- Nearly one in five BAME clinicians not risk-assessed by trust, according to survey
- Almost half of BAME respondents say they have failed a fit-testing, compared with 37pc of white respondents
- These are ‘systemic issues’, says royal college’s equality and diversity committee co-chair
NHS England has been urged to take further action after a new report highlighted the “racialised patterns” of occupational risk faced by emergency clinicians during the coronavirus pandemic.
A new report by the Royal College of Emergency Medicine, published on Thursday, found nearly one in five (19 per cent) of respondents from a black, Asian or minority ethnic background had not been risk-assessed by their trust.
The report said the “inadequacy” of risk assessments and “lack of consideration of ethnicity as a risk factor” emerged as two key themes from respondents’ answers.
It also found that nearly half (48 per cent) of all BAME respondents had failed a PPE fit-testing either “very often”, “often” or “sometimes”, compared with 37 per cent of white clinicians.
RCEM published several recommendations.

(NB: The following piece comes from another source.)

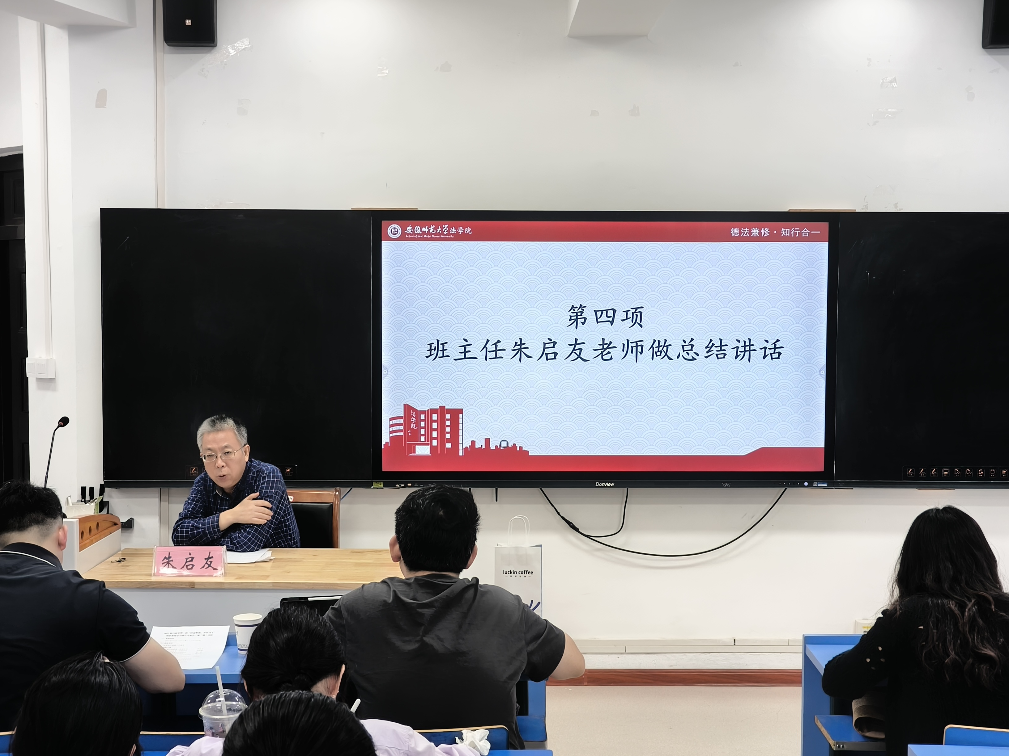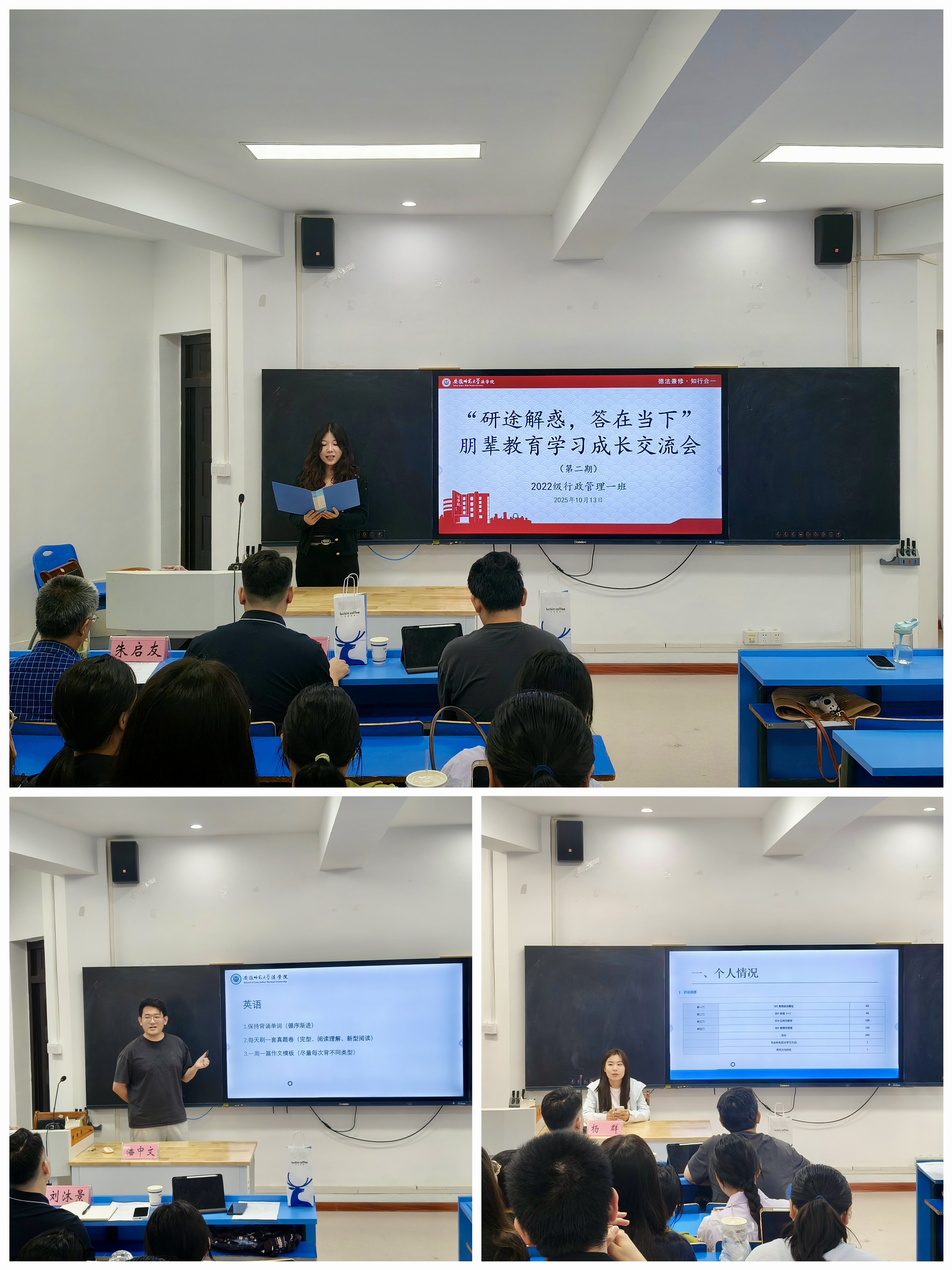 会上,杨群结合自身考研成绩,分享各科复习方法,建议当前多投入专业课学习,提醒关注报名流程与截止时间;潘中文分享英语、政治的备考经验,还以自身经历讲解心态调节方法,强调劳逸结合的重要性。随后交流互动环节,学长学姐耐心解答同学们的提问。最后班主任朱老师总结,推荐报考院校、指导答题技巧,并强调要调整备考心态、合理安排复习时间。

It urged NHS England to include ethnicity as an independent risk factor for all staff and to develop “culturally appropriate” risk assessments, accounting for “racialised patterns” of occupational risk for ethnic minority staff.
The body also asked NHS trusts’ boards to report the number of risk assessments being completed for staff, including those from BAME backgrounds and with disabilities, in their board assurance frameworks, and to view the “unequal treatment” of BAME staff during the coronavirus pandemic as a “corporate risk”.
Hodon Abdi, co-chair of RCEM’s equality, diversity and inclusion committee, claimed risk assessments for BAME staff have “clearly been inadequate” and are a risk to their safety. He said: “While these issues appear to have improved slightly over the course of the pandemic, it is imperative that policies around risk assessments, and access to appropriate PPE must be monitored closely by senior leadership and rigorously scrutinised by trust boards.
Dr Abdi added: “It is widely known that there is a disproportionate risk of mortality amongst BAME staff, and there is growing evidence that, throughout this pandemic, ethnic minority staff did not feel like they could speak out about their concerns to management about staying safe at work.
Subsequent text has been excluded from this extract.